Why Do Game Developers Need A Political Lobby?
Capitalizing on its improved respectability, the video game industry intends to establish a political action committee to donate money to game-friendly politicians and candidates.
Michael D. Gallagher, chief executive of the Entertainment Software Association, the industry’s lobbying arm in Washington, said last week that the group’s board approved the PAC’s creation last fall and that the committee would be up and running by the end of March. The association represents major game publishers including the Walt Disney Company, Electronic Arts, Microsoft, Nintendo and Sony.
“We will be writing checks to campaigns by the end of this quarter,” Mr. Gallagher said. “This is an important step in the political maturation process of the industry that we are ready to take now. This is about identifying and supporting champions for the game industry on Capitol Hill so that they support us.”
Mr. Gallagher said the PAC would probably donate $50,000 to $100,000 this year to national candidates, an amount he described as commensurate with similar committees associated with the film and music industries. Such political action committees are generally financed personally by industry executives rather than by corporations and under federal law are limited to giving $5,000 to each candidate per election.
The figures are not huge, but Mr. Gallagher, a former Commerce Department official, said such donations are crucial to doing business in Washington by letting politicians know that “we are behind them.”
Mr. Gallagher said his association would not establish or contribute this year to any of the less-regulated political advocacy groups known as 527s, for a section of the federal tax code, saying, “I think that’s a stage down the road.”
But Mr. Gallagher did say that in this election year his association would mobilize the more than 100,000 gamers who have joined the association’s Video Game Voters Network. Like the association and its nascent PAC, the voters group opposes efforts to regulate games more strictly than books, movies and other media.
“If I can walk into the office of a member of Congress and tell them we have 20,000 voters in their state who are already signed up to write letters and act based on game-related issues that concern them, that’s powerful,” he said.
The industry’s new round of muscle-flexing comes as the political and cultural environment for video games has improved significantly.
The high-water mark of political dudgeon about games came in 2005 when scenes of mild sexual provocation were discovered hidden with the code for the game Grand Theft Auto: San Andreas. In the wake of the controversy Senator Hillary Rodham Clinton proposed legislation to increase federal regulation of the game industry.
That proposal, however, found little traction on Capitol Hill. Meanwhile, federal courts have consistently invoked the First Amendment in striking down state attempts to regulate games more strictly than other media.
Now, Senator Clinton has appeared to make peace with the game industry, perhaps recognizing that while games were largely a children’s pastime in the 1980s, those children have now grown up, are voting, and are still enjoying video games. The average age of a gamer is now near 30, according to industry surveys.
“Games are a way that more and more people are spending their leisure time, and you do yourself a disservice as a candidate to attack how people spend that leisure time,” Robert A. Kotick, chairman of Activision, a top independent game publisher, said.
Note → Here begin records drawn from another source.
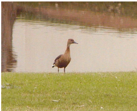
Fulvous Whistling Duck

45 - November 4, 2006 – Greater White-fronted Goose
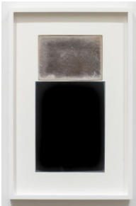
Alison Rossiter (American, b. 1953) Imperial P.O.P. mauve, ca. 1910s / Ansco, Cyko, expired July 1st 1912, processed 2017, 2025

Two Gelatin Silver Prints Overall: approximately 13 3/8" x 6 1/2" (33.5 x 16.5 cm) Framed: 18 1/4" x 11 3/8" (46 x 29 cm) Unique (AR.25571)
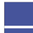
Purple / White
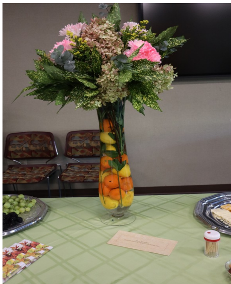
One of the gorgeous arrangements generously donated by local Garden Clubs
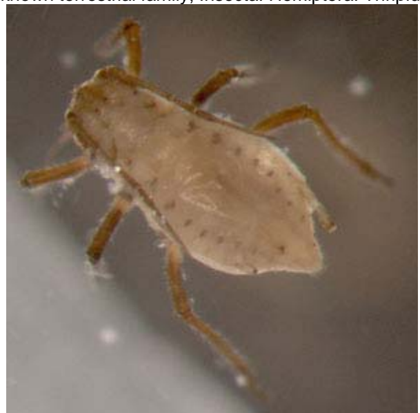
A known terrestrial family, Insecta: Hemiptera: Thripidae

From: Insects of Australia CSIRO 1991 pg 988
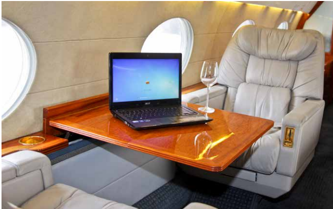
Forward Cabin Seat Detail

Specifications are subject to verification by purchaser. Aircraft is subject to prior sale, and/or removal from the market without prior notice.
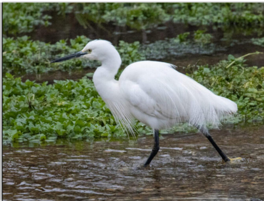
Striding Out - the bird watching group at Lemsford Springs

Alternatively, you can obtain a printed copy by contacting the Membership Secretary by phone or at a monthly meeting. Members' information held by Cheshunt u3a will not be disclosed to any third party.
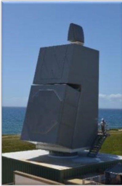
SPY-6(V)1 AMDR EDM Array in Far Field Range PMRF Advanced Radar Detection Lab (Kauai, HI)

(IAMD) capability. The AMDR requires additional power and cooling, and to meet that demand the design includes high voltage power technology first introduced on DDG 1000, and an enhanced A/C Plant upgrade. As of May 2017, the Flight III Design effort is more than 50% complete and on track
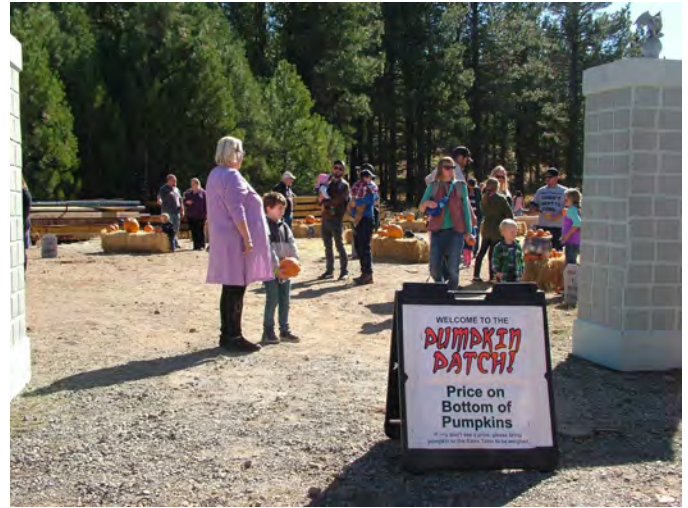
Pumpkin Patch Entrance

We plan to run the Pumpkin trains again in 2020 and build the event even larger!
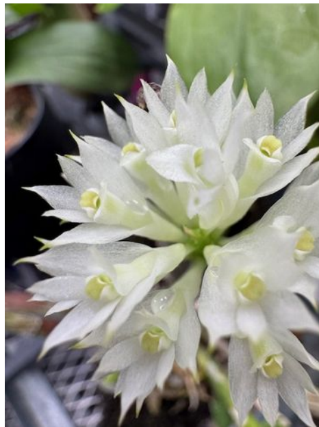
Jamie Krochmal- Dendrobium Secundum 'Alba'
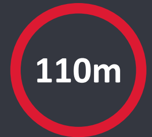
Total International Turnover
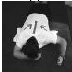
Mid Trap (modified)

Place your upper arm at shoulder level with your *elbow at 90°. Bring your shoulder blade DOWN and IN toward your spine then gently lift your arm off the floor. Keep your hand and elbow at the same level. Do not let your shoulder shrug. *Progress to lifting with your elbow straight.
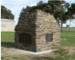
WW1 and WW2 Memorial Wallinduc
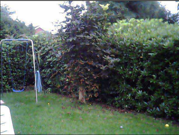
T7 - Horse Chestnut
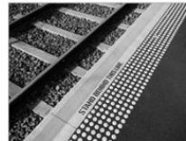
Train Tracks Robyn Whishaw
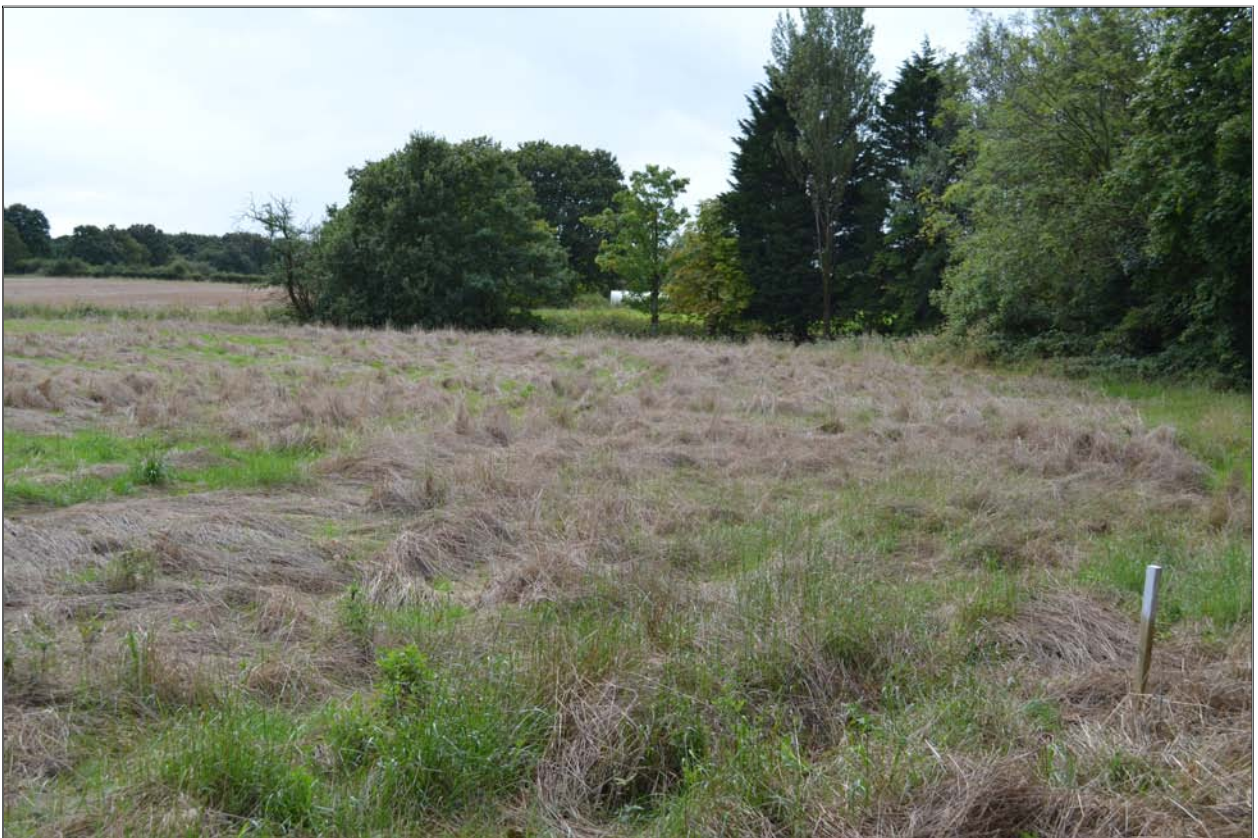
Building Plot adj, 11 Goose Green Avenue, Coppull, Chorley, PR7 4QD

Mr. Kotick described the new PAC as “a great first step” but he cautioned that the film and music industries would still enjoy far more sway in Washington than the game industry, not least because “people like Jeffrey Katzenberg and David Geffen help raise millions of dollars for candidates.” (In any case, the game industry is usually aligned with the music and film industries when it comes to lobbying efforts.)
Along with the evolving political climate, games have also become more accessible and less threatening in the broader culture. Nintendo’s Wii console, introduced in 2006, has been a big part of that shift, drawing in both children and older players with its simple point-and-wave control scheme. Music-oriented game franchises like Dance Dance Revolution and Guitar Hero have become mass-market hits, while middle-aged women have become the top audience for puzzle games like Bookworm.
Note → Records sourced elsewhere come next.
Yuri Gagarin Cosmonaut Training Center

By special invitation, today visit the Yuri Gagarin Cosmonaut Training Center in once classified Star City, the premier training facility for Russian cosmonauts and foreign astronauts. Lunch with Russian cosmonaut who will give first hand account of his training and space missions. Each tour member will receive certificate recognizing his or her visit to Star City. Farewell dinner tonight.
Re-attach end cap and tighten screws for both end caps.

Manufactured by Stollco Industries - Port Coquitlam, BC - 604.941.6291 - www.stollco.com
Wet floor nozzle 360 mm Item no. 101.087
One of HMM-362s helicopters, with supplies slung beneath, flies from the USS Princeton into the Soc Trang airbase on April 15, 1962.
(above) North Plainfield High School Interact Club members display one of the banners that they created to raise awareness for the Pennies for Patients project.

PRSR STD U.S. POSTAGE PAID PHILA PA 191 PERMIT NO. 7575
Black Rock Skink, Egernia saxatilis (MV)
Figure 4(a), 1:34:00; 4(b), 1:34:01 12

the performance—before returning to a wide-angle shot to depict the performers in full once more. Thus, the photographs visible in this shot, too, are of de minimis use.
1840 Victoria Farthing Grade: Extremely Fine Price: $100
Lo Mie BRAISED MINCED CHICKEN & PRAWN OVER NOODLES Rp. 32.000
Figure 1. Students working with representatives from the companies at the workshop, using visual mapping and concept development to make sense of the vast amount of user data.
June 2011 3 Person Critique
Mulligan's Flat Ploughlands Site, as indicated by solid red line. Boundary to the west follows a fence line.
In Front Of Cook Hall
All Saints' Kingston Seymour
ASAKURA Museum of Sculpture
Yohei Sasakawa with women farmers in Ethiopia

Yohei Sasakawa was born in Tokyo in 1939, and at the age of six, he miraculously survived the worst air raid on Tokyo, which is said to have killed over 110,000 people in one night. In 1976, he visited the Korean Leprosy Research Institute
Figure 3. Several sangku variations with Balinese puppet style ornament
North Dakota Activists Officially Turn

All of those developments have helped create a much more favorable and tolerant attitude toward video games, both among the general public and politicians. Mr. Gallagher, the game association chief executive, said that 36 members of Congress and about 300 staffers attended a game industry reception in Washington in November.
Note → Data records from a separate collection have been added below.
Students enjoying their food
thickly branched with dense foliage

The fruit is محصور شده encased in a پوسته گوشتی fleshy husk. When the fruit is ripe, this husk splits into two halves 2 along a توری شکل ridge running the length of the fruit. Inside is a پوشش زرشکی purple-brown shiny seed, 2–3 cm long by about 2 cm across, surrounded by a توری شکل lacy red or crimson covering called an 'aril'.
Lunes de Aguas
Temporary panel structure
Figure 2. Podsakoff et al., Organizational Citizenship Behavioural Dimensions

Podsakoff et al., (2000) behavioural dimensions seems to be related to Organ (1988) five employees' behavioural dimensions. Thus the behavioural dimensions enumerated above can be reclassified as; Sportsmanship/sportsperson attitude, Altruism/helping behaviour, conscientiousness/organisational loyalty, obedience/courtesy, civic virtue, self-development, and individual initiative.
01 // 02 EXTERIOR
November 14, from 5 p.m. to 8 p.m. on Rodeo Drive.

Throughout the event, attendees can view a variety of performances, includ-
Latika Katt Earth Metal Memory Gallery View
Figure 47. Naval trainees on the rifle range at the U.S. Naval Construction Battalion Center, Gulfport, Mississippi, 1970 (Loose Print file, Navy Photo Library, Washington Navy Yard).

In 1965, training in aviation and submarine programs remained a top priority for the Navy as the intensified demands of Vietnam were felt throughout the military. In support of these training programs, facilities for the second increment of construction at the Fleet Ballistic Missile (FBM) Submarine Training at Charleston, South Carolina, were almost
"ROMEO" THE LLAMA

(For his part, Mr. Gallagher has said that when he was chief of staff for Representative Rick White, a Washington State Republican, in the 1990s he helped program the office PCs to play Doom, the famous first-person shooter game.)
Mr. Gallagher said the Wii was the hit of the reception and helped drive the message that video games are now a form of mainstream entertainment.
“We had one member of Congress who tried golf on the Wii, and he got a birdie on his first hole and an eagle on the second,” Mr. Gallagher said. “We couldn’t get it out of his hands for 20 minutes.”
Mr. Gallagher declined to identify the politician. He also declined to say whether that politician would be a likely recipient of a donation from the game industry’s new PAC.